**TASK OBJECTIVE:**
All pictures are to be dropped, and the remaining data set down exactly.

**GIVEN MATERIAL:**
━━━━━━━━━━━━━━━━━━━━
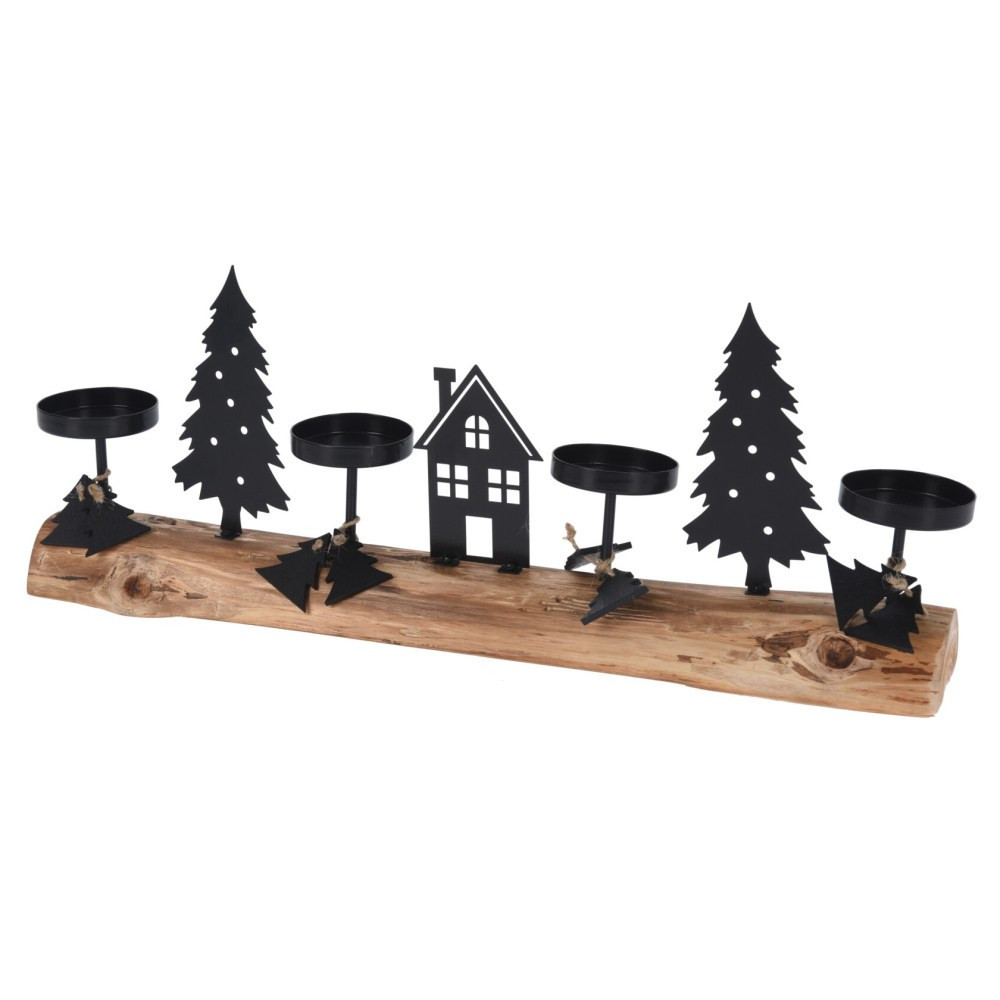4-es fém gyertyatartó fa talpon fém motívumokkal
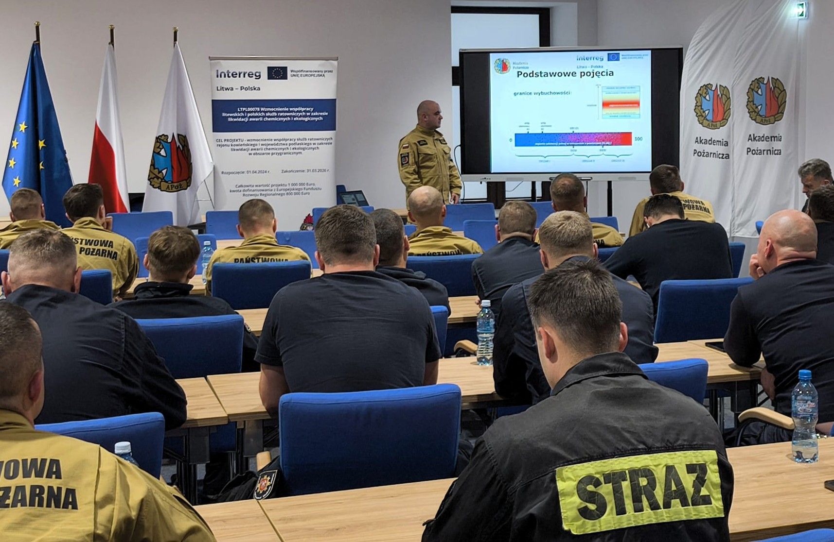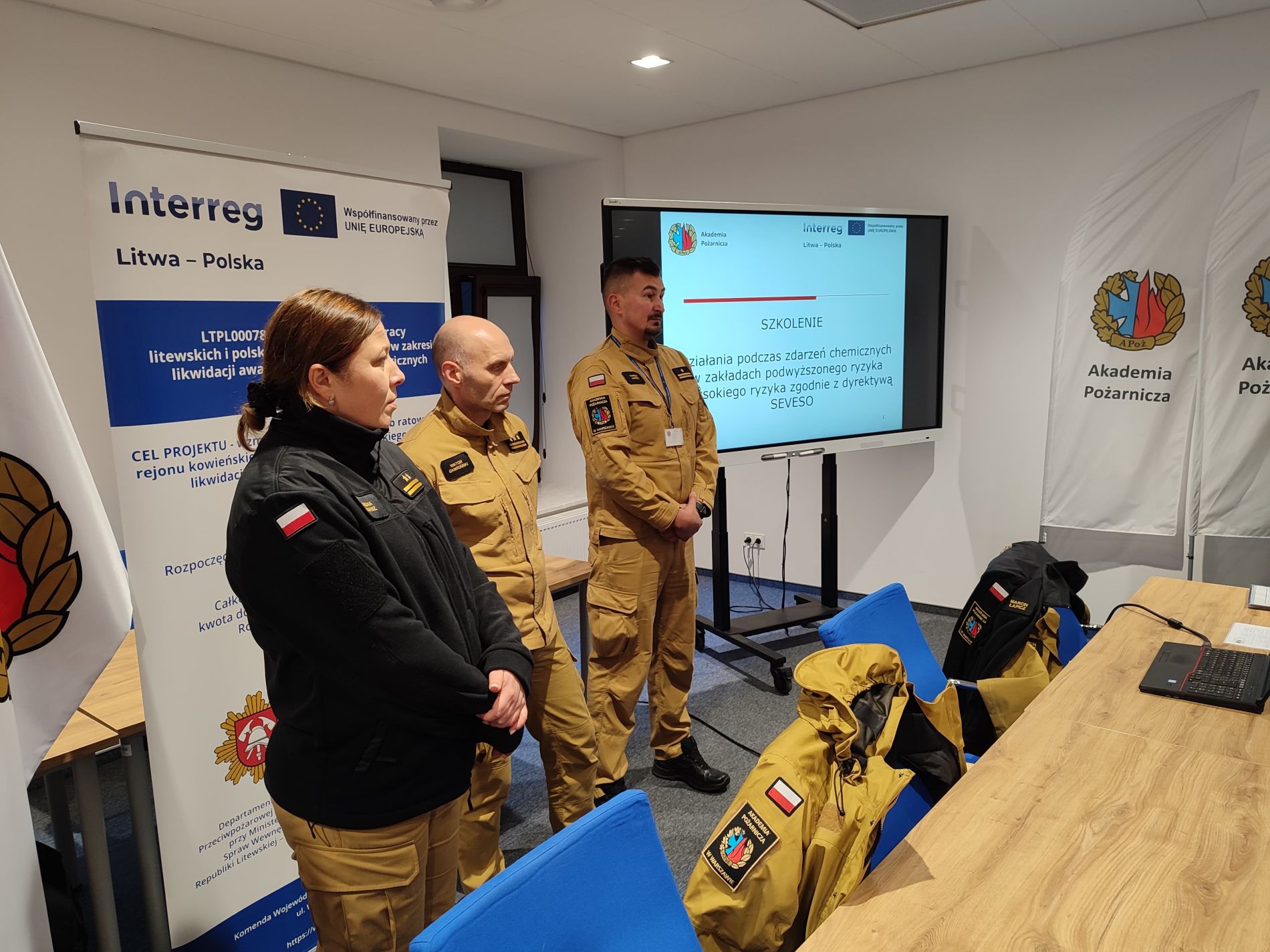 W dniach 24-25 listopada br. w Bazie Doskonalenia Zawodowego i Poligonu Akademii Pożarniczej w Nowym Dworze Mazowieckim odbyło się ostatnie szkolenie realizowane na zlecenie Komendy Wojewódzkiej Państwowej Straży Pożarnej w Białymstoku w ramach projektu „Wzmocnienie współpracy litewskich i polskich służb ratowniczych w zakresie likwidacji awarii chemicznych i ekologicznych” współfinansowanego przez Unię Europejską ze środków programu INTERREG. Szkolenie „Działania podczas zdarzeń chemicznych w zakładach podwyższonego i wysokiego ryzyka zgodnie z dyrektywą SEVESO” przeprowadzone zostało według programu zatwierdzonego przez Komendanta Wojewódzkiego PSP w Białymstoku zawierającego następujące tematy:
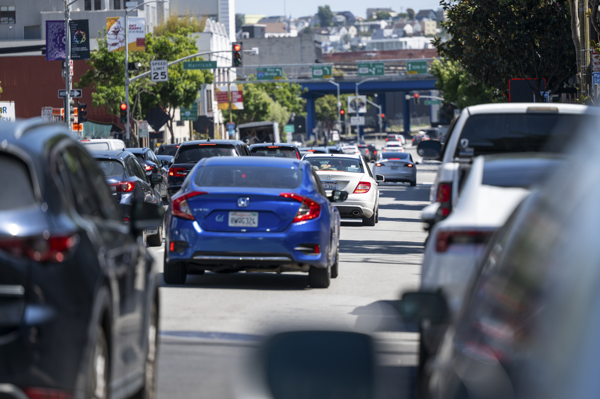 Vehicles drive on 10th Street between Harrison and Folsom streets in San Francisco on April 28, 2026, where a speed camera is part of a city pilot program to reduce speeding and traffic injuries. (Beth LaBerge/KQED)
━━━━━━━━━━━━━━━━━━━━
**TASK ANSWER:**
4-es fém gyertyatartó fa talpon fém motívumokkal
 W dniach 24-25 listopada br. w Bazie Doskonalenia Zawodowego i Poligonu Akademii Pożarniczej w Nowym Dworze Mazowieckim odbyło się ostatnie szkolenie realizowane na zlecenie Komendy Wojewódzkiej Państwowej Straży Pożarnej w Białymstoku w ramach projektu „Wzmocnienie współpracy litewskich i polskich służb ratowniczych w zakresie likwidacji awarii chemicznych i ekologicznych” współfinansowanego przez Unię Europejską ze środków programu INTERREG. Szkolenie „Działania podczas zdarzeń chemicznych w zakładach podwyższonego i wysokiego ryzyka zgodnie z dyrektywą SEVESO” przeprowadzone zostało według programu zatwierdzonego przez Komendanta Wojewódzkiego PSP w Białymstoku zawierającego następujące tematy:
 Vehicles drive on 10th Street between Harrison and Folsom streets in San Francisco on April 28, 2026, where a speed camera is part of a city pilot program to reduce speeding and traffic injuries. (Beth LaBerge/KQED)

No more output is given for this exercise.